Text Similarity at Scale: Cosine Similarity, TF-IDF & Sentence Transformers

Understanding the semantic similarity between job descriptions and candidate profiles is crucial for powering effective AI-driven job matching. At MisuJob, where we process 1M+ job listings from across Europe, we’ve learned a thing or two about scaling text similarity algorithms.

Text Similarity at Scale: Cosine Similarity, TF-IDF & Sentence Transformers

Finding the perfect job is often about more than just matching keywords. It’s about understanding the underlying meaning of both the job description and the candidate’s skillset. This is where text similarity algorithms come into play. We’ve explored various methods to tackle this challenge, from traditional approaches like TF-IDF and cosine similarity to more advanced techniques using sentence transformers. Each has its strengths and weaknesses, particularly when scaling across millions of documents.

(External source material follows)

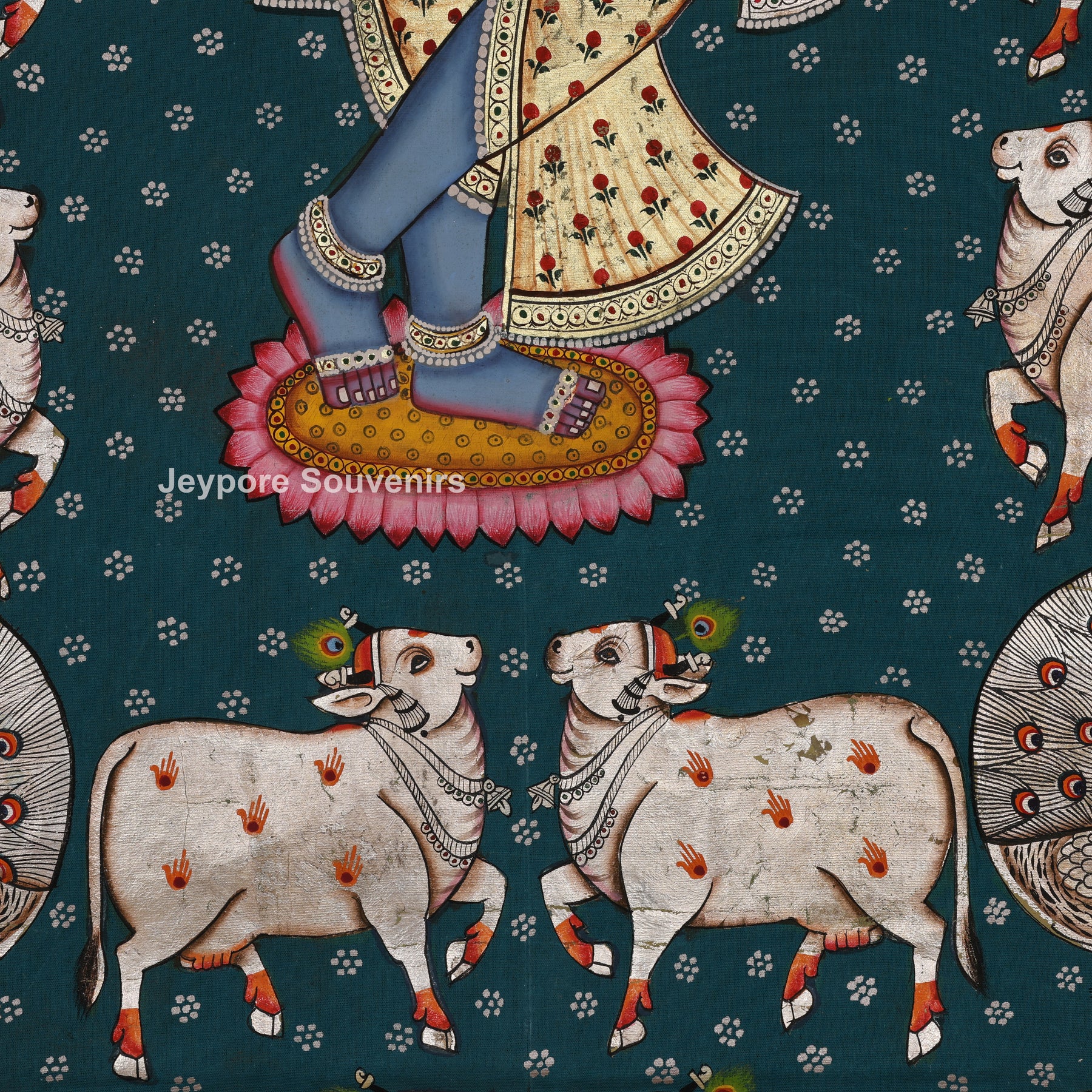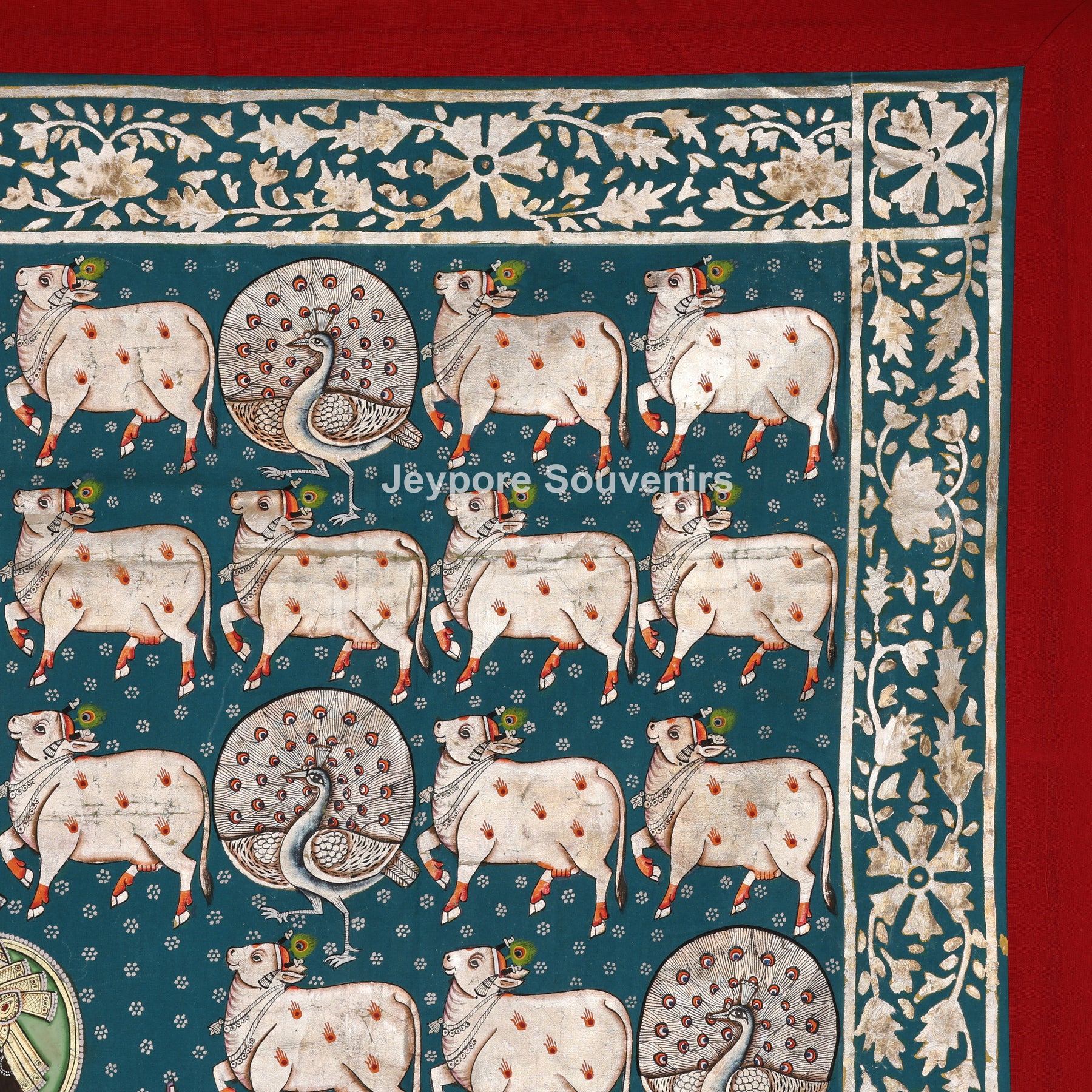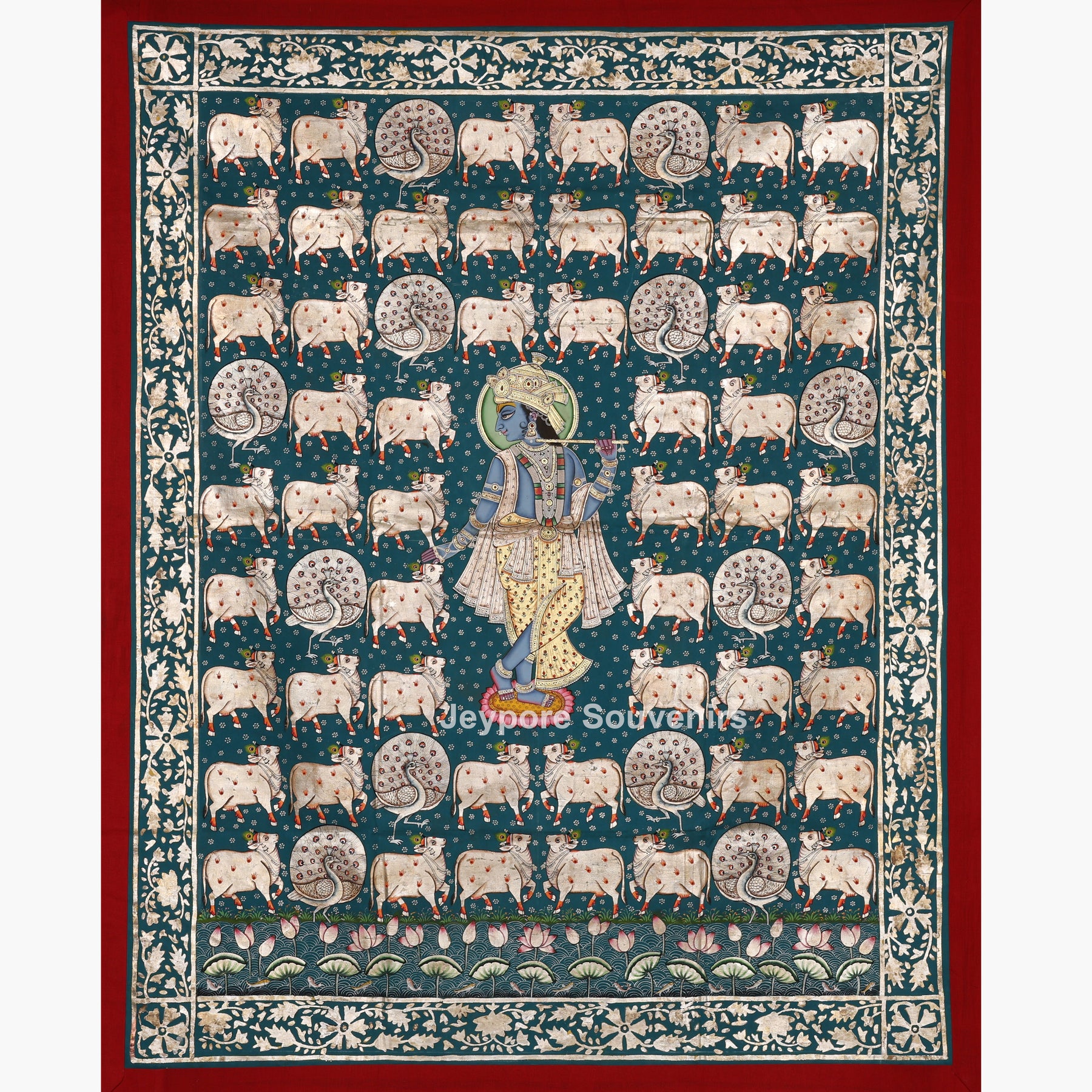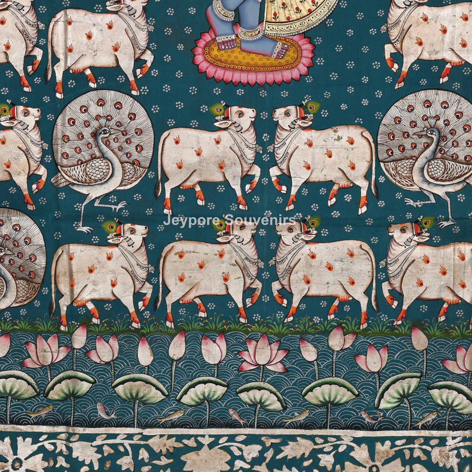 Handcrafted Pichwai Shrinathji with Divine Cows Artwork on Cotton Fabric

Why Text Similarity Matters for Job Matching

At MisuJob, our mission is to connect talented individuals with the right opportunities across Europe. To achieve this, we rely on AI-powered job matching that goes beyond simple keyword searches. Text similarity enables us to:

Improve Match Accuracy: Identify candidates whose skills and experience align with the intent of the job description, not just the specific keywords used.
Surface Hidden Opportunities: Recommend jobs that candidates might not have found through traditional keyword searches.
Personalize Recommendations: Tailor job suggestions to each user’s unique background and career goals.
Understand Skillset Equivalence: Determine how well a candidate’s “Python” skills match a job requiring “data analysis experience”, for example.

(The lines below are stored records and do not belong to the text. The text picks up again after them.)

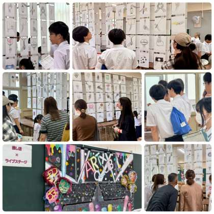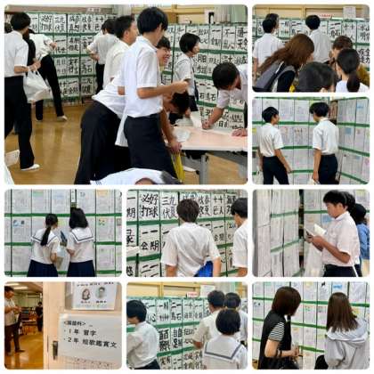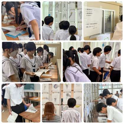 1年国語科習字・2年国語科短歌鑑賞文、3年美術科作品展、美術部部活動冊子、サポートルーム・中津支援学校合同作品です。
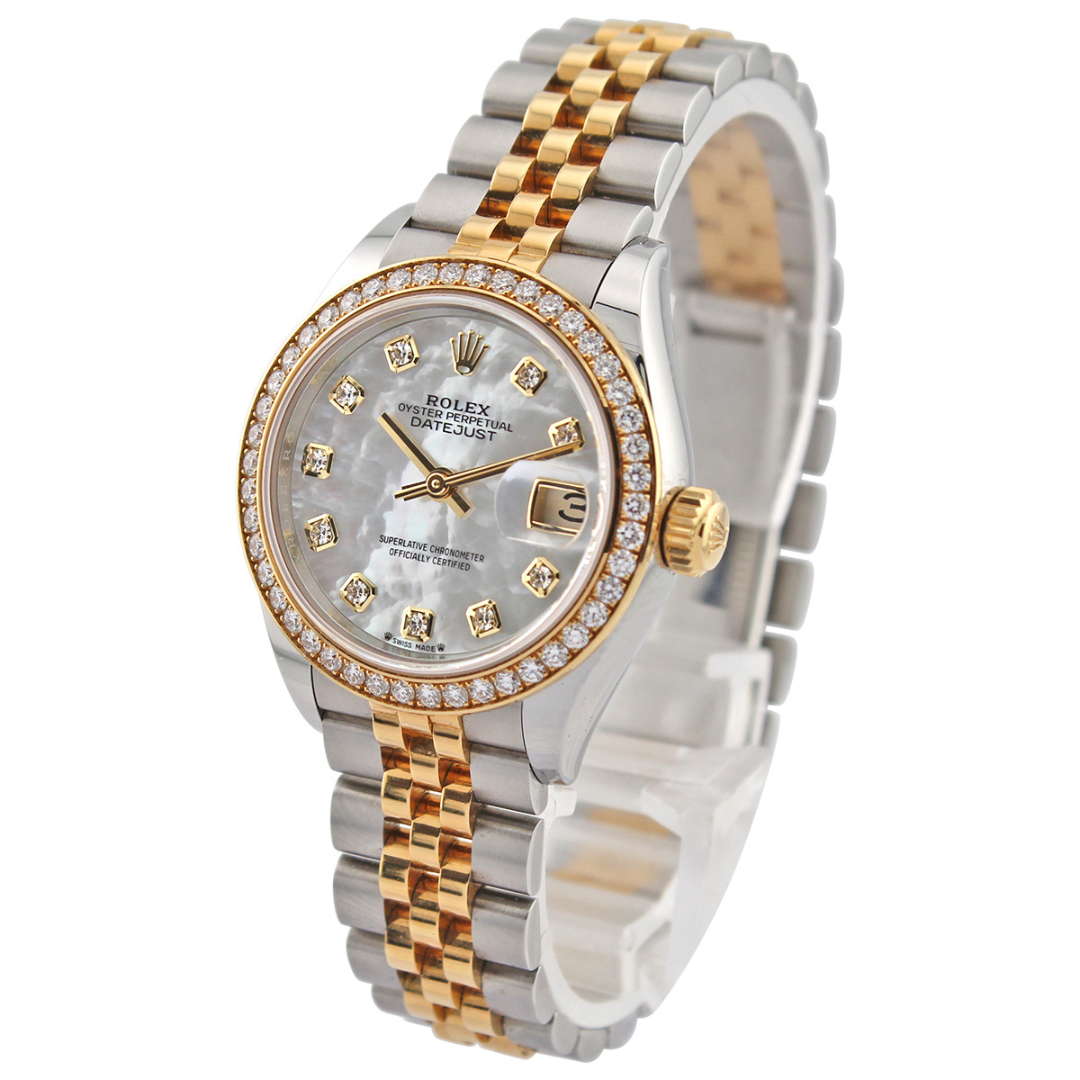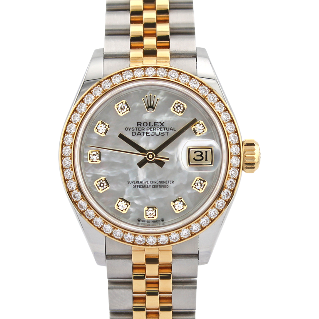 A Rolex Datejust 28 reference 279383RBR in stainless steel and 18ct yellow gold, featuring the factory original yellow gold diamond-set bezel. The white mother-of-pearl dial displays a soft iridescence, complemented by diamond hour markers set within yellow gold surrounds, enhancing both depth and elegance. The classic Jubilee bracelet in bi-metal construction completes the look, offering a refined, versatile presence that suits the 28mm case size.
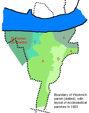 - St Michael & All Angels: Borgard Rd. (map ref C) Church built 1875; parish created 1879 from Woolwich St Mary. No information on registers

TF-IDF and Cosine Similarity: A Baseline Approach

One of the simplest, yet surprisingly effective methods for text similarity is using Term Frequency-Inverse Document Frequency (TF-IDF) combined with cosine similarity.

TF-IDF: This technique assigns a weight to each word in a document based on its frequency within that document (TF) and its rarity across the entire corpus (IDF). Common words like “the” are down-weighted, while more specific terms receive higher scores.
Cosine Similarity: After converting documents into TF-IDF vectors, cosine similarity measures the angle between these vectors. A smaller angle (cosine closer to 1) indicates higher similarity.

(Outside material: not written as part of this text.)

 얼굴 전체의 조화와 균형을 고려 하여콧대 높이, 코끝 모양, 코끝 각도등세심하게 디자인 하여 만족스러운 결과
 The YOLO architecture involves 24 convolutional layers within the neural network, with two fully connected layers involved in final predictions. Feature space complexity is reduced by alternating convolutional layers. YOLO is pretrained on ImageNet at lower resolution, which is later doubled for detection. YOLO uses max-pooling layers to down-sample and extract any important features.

Here’s a Python example using scikit-learn:

from sklearn.feature_extraction.text import TfidfVectorizer
from sklearn.metrics.pairwise import cosine_similarity

documents = [
    "Software Engineer with Python and Java experience.",
    "Data Scientist specializing in machine learning and Python.",
    "Senior Java Developer with experience in backend systems.",
    "Marketing Manager with expertise in digital marketing."
]

vectorizer = TfidfVectorizer()
tfidf_matrix = vectorizer.fit_transform(documents)

# Calculate cosine similarity between the first and second documents
similarity = cosine_similarity(tfidf_matrix[0], tfidf_matrix[1])

print(f"Cosine similarity between document 1 and 2: {similarity[0][0]}")

While TF-IDF and cosine similarity are relatively easy to implement, they have limitations:

Semantic Understanding: They treat words as independent entities and don’t capture semantic relationships (e.g., “machine learning” and “artificial intelligence” are treated as distinct).
Out-of-Vocabulary Words: They struggle with words not seen during training.
Scalability: Calculating cosine similarity for all pairs of documents in a large corpus can be computationally expensive.

Sentence Transformers: Capturing Semantic Meaning

Sentence transformers offer a more sophisticated approach by encoding entire sentences into dense vector representations that capture semantic meaning. These vectors are designed such that semantically similar sentences are located close to each other in the vector space.

We use sentence transformers trained on large datasets to achieve high accuracy in understanding the context of both job descriptions and candidate profiles.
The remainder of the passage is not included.